I'd kill a hundred dogs to see my dad again.


----------



## sehrgutcsg

Vhagar said:


> Good for you. I'd get my Dad back if I could. But can't. Who here wouldn't trade a pet to get their loved one back?
> 
> I'd kill a hundred dogs to see my dad again.


I would do a lot to be able to play golf with my dead father who died when I was a little boy but, I think your statement is absurd!

When you take a look at the man in the mirror --- do you like what you see ?


----------



## LaRen616

sehrgutcsg said:


> I would do a lot to be able to play golf with my dead father who died when I was a little boy but, I think your statement is absurd!
> 
> When you take a look at the man in the mirror --- do you like what you see ?


Ya, I would do a lot to see my sister again or my Grandpa but I would never kill another person or animal to do it, let alone hundreds!


----------



## wyoung2153

At this current moment in my life, stable life, finances, relationship, etc.. NOT a chance would I ever sell Titan. Ever. But if I were in a bind I would hope I wouldn't but if it's a matter of surviving, I can't honestly say I wouldn't. I hope it never comes to that. Titan is my life and I love him. 

I think if I were solely owning dogs for work that might change things, but in this case.. nope Titan is with me til the end of his days.. which better be far far far away


----------



## Msmaria

I accidentally clicked would sell for $11,000 or more..LOL. It was my fingers. Id only sell my dog if it was in his best interest.


----------



## LARHAGE

Realistically no one would be interested in most of my dogs but me, they have no value to anyone other than me so I would be suspicious of someone inquiring!
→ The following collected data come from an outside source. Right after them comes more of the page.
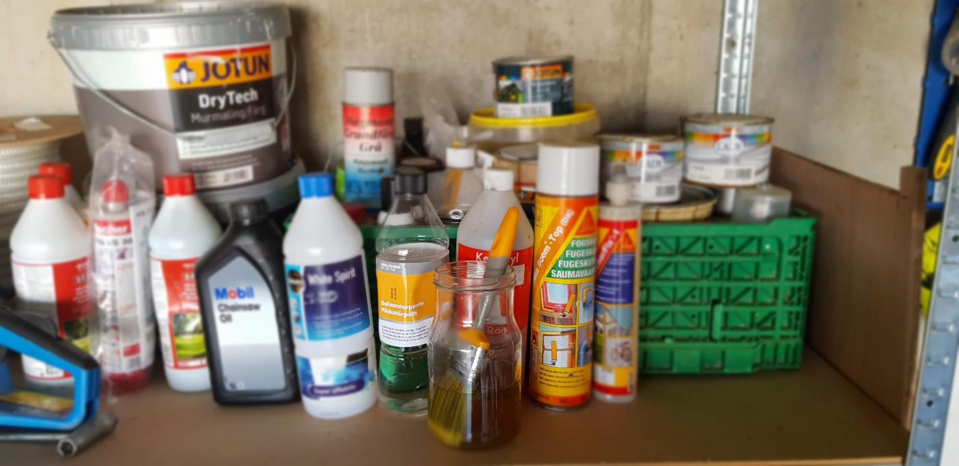 Lever større mengder malingrester og malingsspann til miljøparker for farlig avfall.
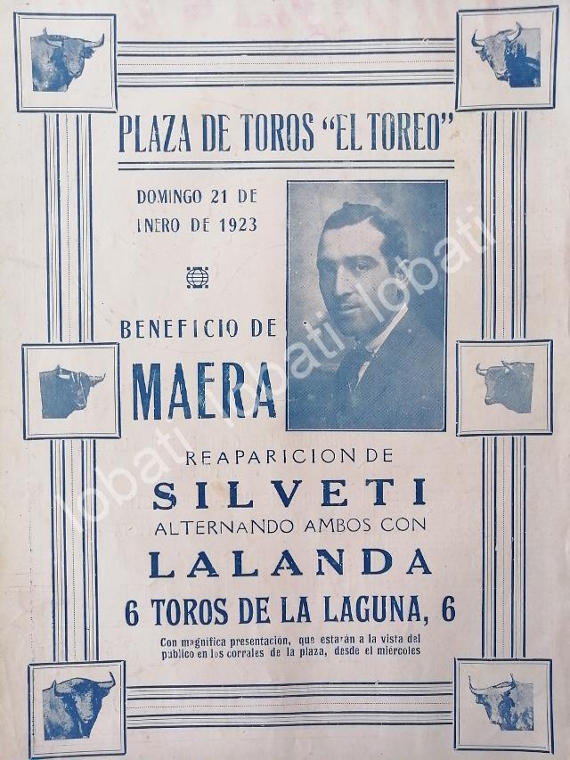 CARTEL ANTIGUO ORIGINAL DE CARTEL PLAZA DE TOROS EL TOREO, 1923 LALANDA, SILVETI ETC /43
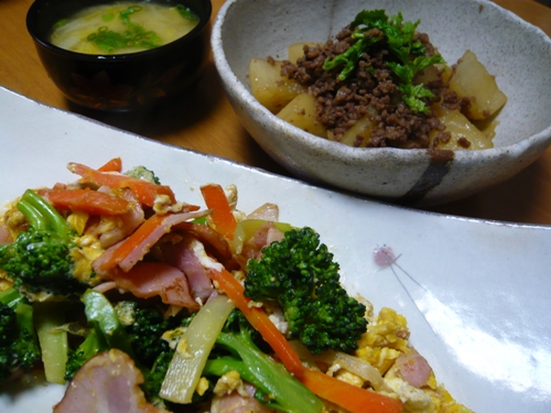 ブロッコリーのベーコン炒め & 大根の甘辛煮 & 白菜味噌汁
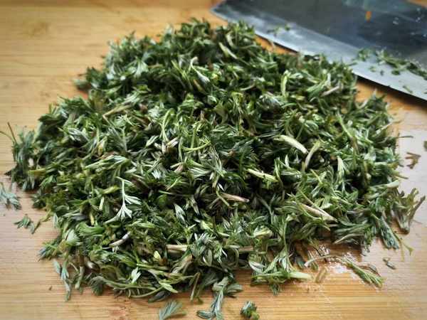 3、洗凈後撈出,控掉多餘水分,放在案板上面切成碎末,盡量切得小點,食用起來口感好。
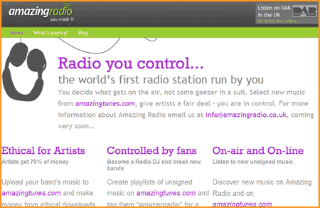 a demo voice track to the Amazing Radio Web site, http://amazingradio.co.uk/.
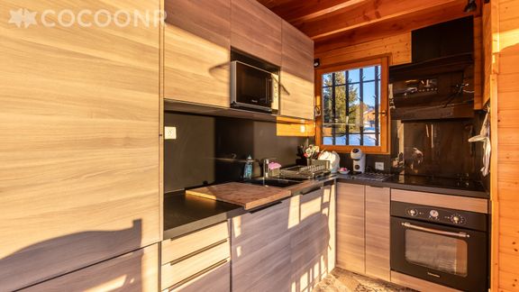 - Un espace repas et une cuisine équipée avec notamment : four, four à micro-ondes, grille-pain, lave-vaisselle, plaques de cuisson...
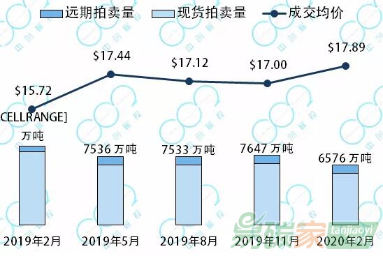 2月19日加州-魁北克碳市場(chǎng)舉行了本年第一次拍賣,拍賣配額現(xiàn)貨5709萬噸全部成交,成交價(jià)17.87美元每噸;拍賣2023年生效的配額867萬噸全部成交,成交價(jià)18.00美元每噸。
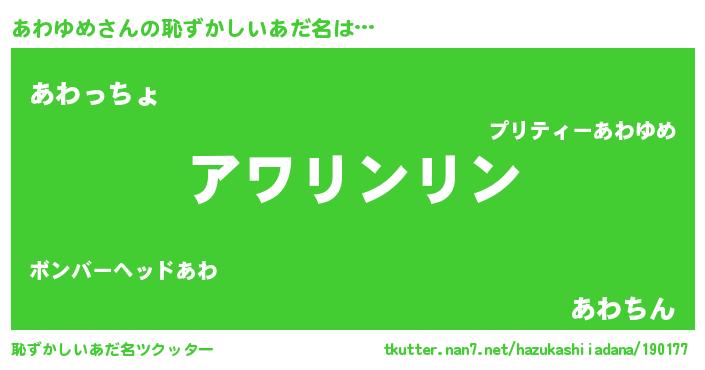 | 男性向けラノベタイトル風あだ名 | 『あわゆめの嫁は女の子じゃないと思った?』 |
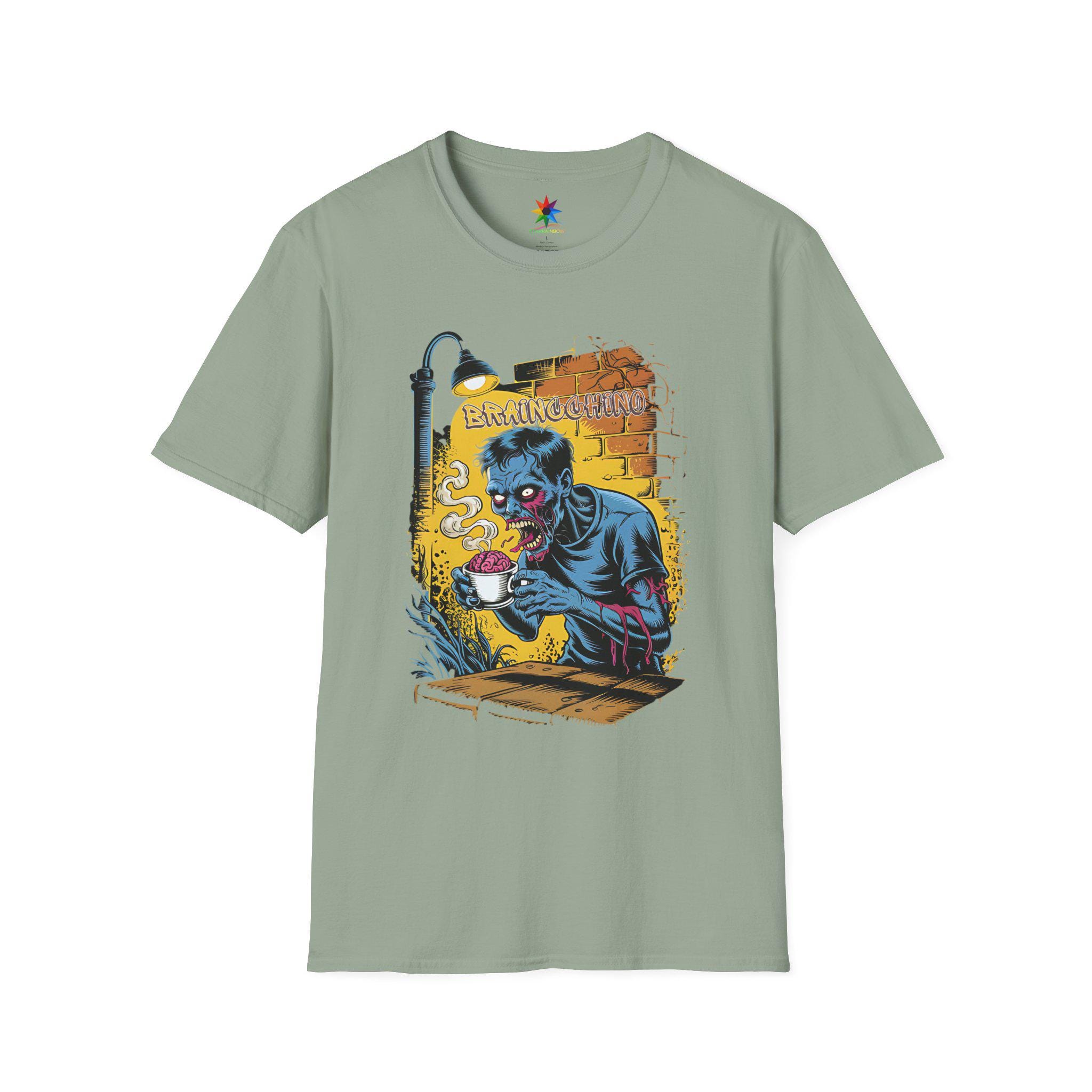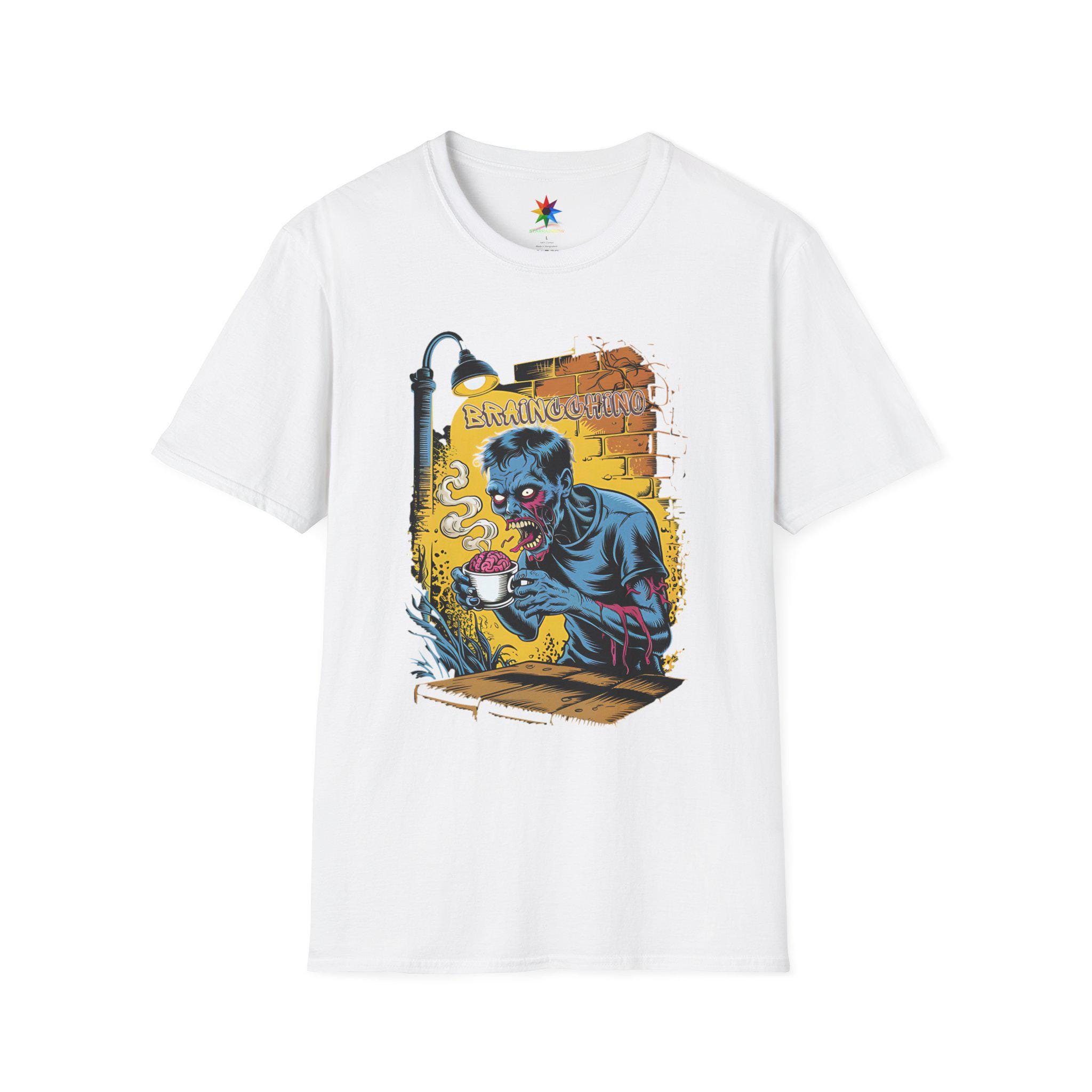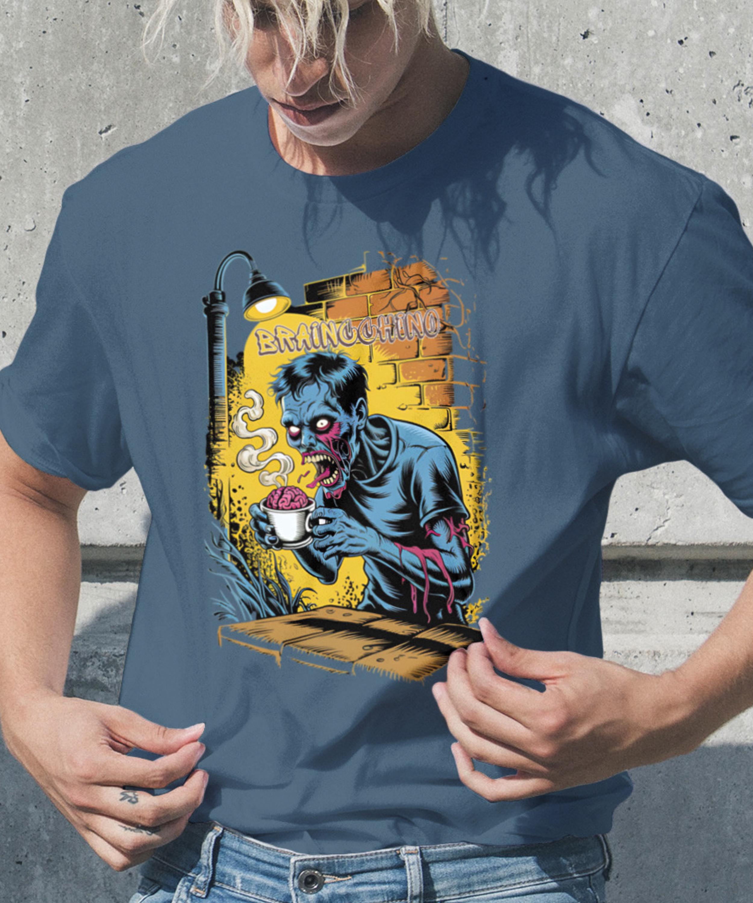 Wake up and embrace your caffeine addiction with the Braincchino Zombie Coffee Shirt, a unique blend of horror and humor crafted for coffee lovers and caffeine fanatics alike. Made from soft, breathable cotton, this unisex graphic tee features a striking comic-style zombie barista eagerly holding a cup of braincchino, capturing that undead craving for coffee. Whether you're a barista, a coffee enthusiast, or just love spooky graphic tees, this shirt delivers a bold statement that’s perfect for casual wear or themed events.
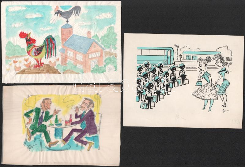 Leírás: Szegő Gizi (1902-1985): 3 db karikatúra. Tus, papír, jelzett, mindegyik hátoldalán "Ludas Matyi Szerkesztősége" vagy Kis Ludas bélyegzővel. 16x21 cm körüli méretekben
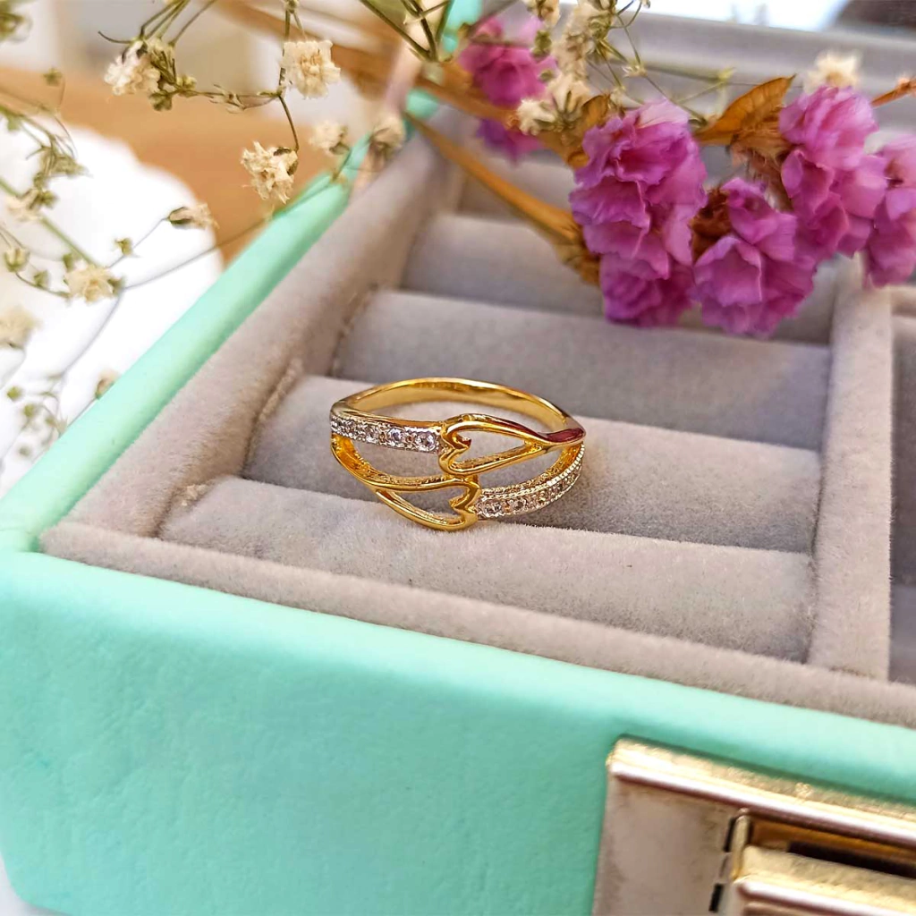Este lindo anel é ideal para você que curte o estilo romântico, uma joia muito delicada, com dois corações unidos e duas fileiras de zircônias cravejadas, dando ao acessório um design inédito e muito charmoso! Pode ser usado tranquilamente no dia a dia e também tem muito potencial para ser ofertada como presente para a namorada, esposa, mãe... Garanta já o seu!
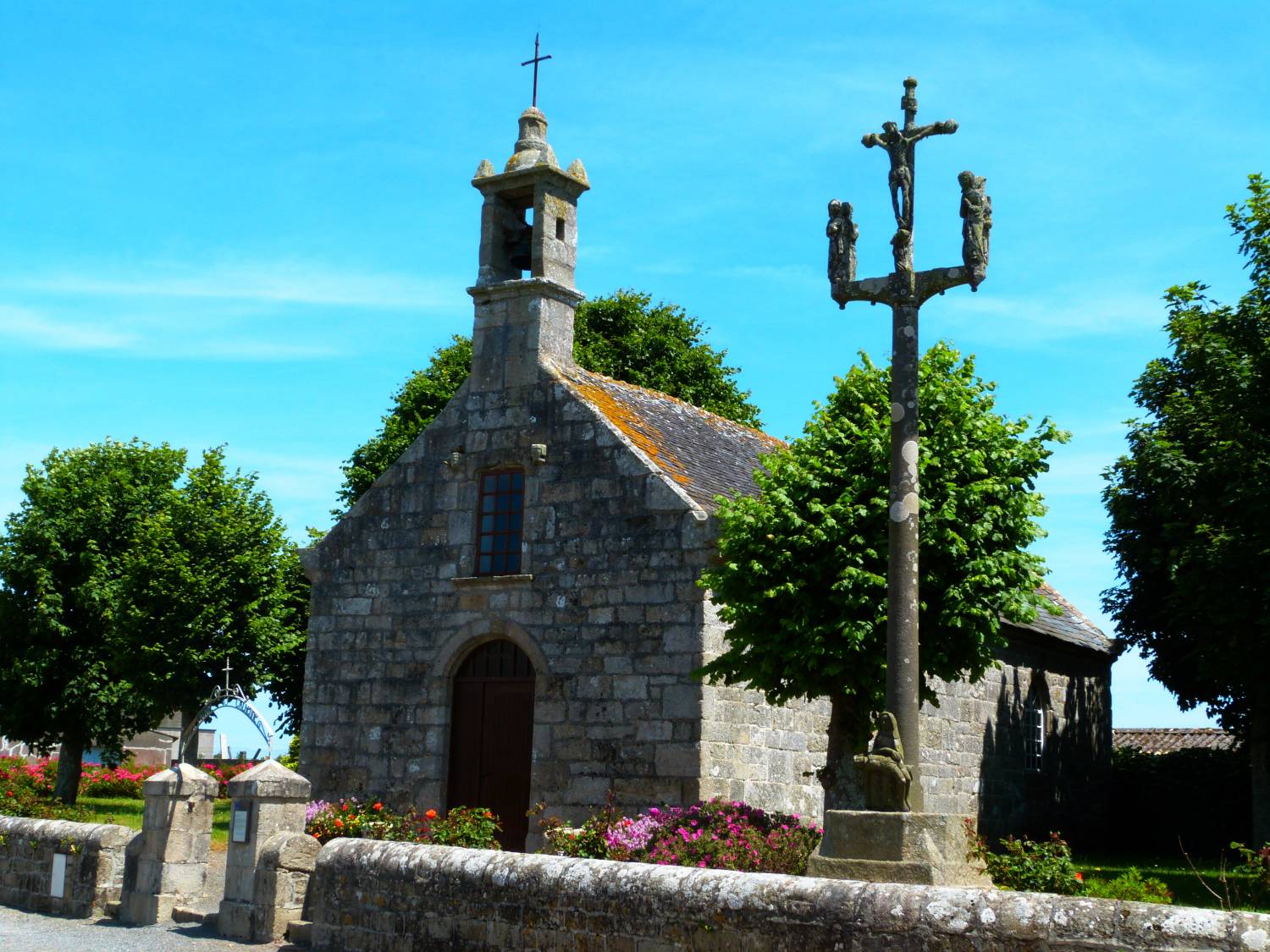 Le calvaire, daté de la fin du 16e siècle, époque d’active production de ce type de monument en Bretagne, et particulièrement dans le Léon lors de l’épiscopat de Roland de Neufville (1562-1613), présente un intérêt indéniable pour sa statuaire, restituée dans sa quasi intégralité par la restauration respectueuse de 1895. La restauration en 1895 du calvaire, est attribuée au sculpteur morlaisien Larhantec.

LOL!! Gavin on the other hand is different, I have already turned down some serious offers for him, I'm thankful I'm in the position where I'm not desperate enough to have to have taken them, I know I'll never have another like him, so I will enjoy him.

I also am of the opinion that not all humans are more deserving of life than dogs, and more specifically mine, if some gang banging thug was drowning and any of my dogs were, well, it's a no brainer, the world is better off in my opinion.


----------



## LaRen616

LARHAGE said:


> I also am of the opinion that not all humans are more deserving of life than dogs, and more specifically mine, if some gang banging thug was drowning and any of my dogs were, well, it's a no brainer, the world is better off in my opinion.


I agree with you. :thumbup:


----------



## Saphire

Vhagar said:


> And Sorry Selzer, any human would go for the human first.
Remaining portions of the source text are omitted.